Awkward Chair Pose is a standing pose that strengthens your lower body and gives a stretch to your upper back. It is part of Sun Salutations B (Surya Namaskar B) and is often a transitional pose or starting position for other poses.

  • Exercises the spine, hips and chest muscles

  • Helps strengthen the lower back and torso

  • Tones the thigh, ankle, leg and knee muscles

  • Balances the body and brings determination in the mind

Awkward Chair is a standing squat that engages the muscles in your buttocks, hips, and thighs. It also engages your core to stabilize you in the pose and works on developing your balance.

It's considered a functional exercise as you need strength and balance in performing everyday tasks, even for getting in and out of a real chair. It is also a warming pose, which can be helpful in winter.

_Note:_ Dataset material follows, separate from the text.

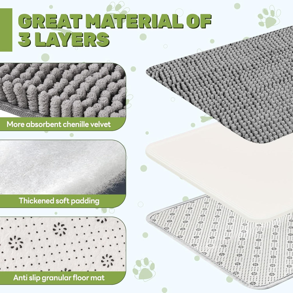 Our high-density chenille loops act like a "dirt magnet" for your dog’s paws! The ultra-soft, thick fibers penetrate deep into paw pads to trap mud, sand, and water—instantly—so you won’t have to chase your pup around with a towel after walks or rainy days. Perfect for homes with hardwood, tile, or carpet—say goodbye to messy footprints all over your furniture.

This pose is not recommended if you have low blood pressure or an injury to your hips, knees, or back.

Traditionally, it is avoided if you have insomnia.

If you have balance problems, do this pose near a wall or chair you can touch to stabilize yourself if needed.

6. Trikonasana/Triangle Pose

Triangle Pose (Utthita Trikonasana) is a foundation yoga pose across almost every different style of yoga.

Triangle Pose strengthens the legs and stretches the groin, hamstrings, and hips, and opens the chest and shoulders. It also challenges and improves balance and stability.


  • Strengthens the legs, knees, ankles, arms, and chest.

  • Stretches and opens the hips, groin, pelvis, hamstrings, calves, shoulders, chest, and spine.

  • Tones abdominal muscles.

  • Increases mental and physical equilibrium.

  • Improves digestion.

  • Reduces anxiety, stress, back pain, and sciatica.


  • Migraine.

  • Diarrhea.

  • Neck, spine, or back injuries.

  • Those with high blood pressure may do this pose, but without raising the right arm or left arm overhead, as doing so may further increase blood pressure.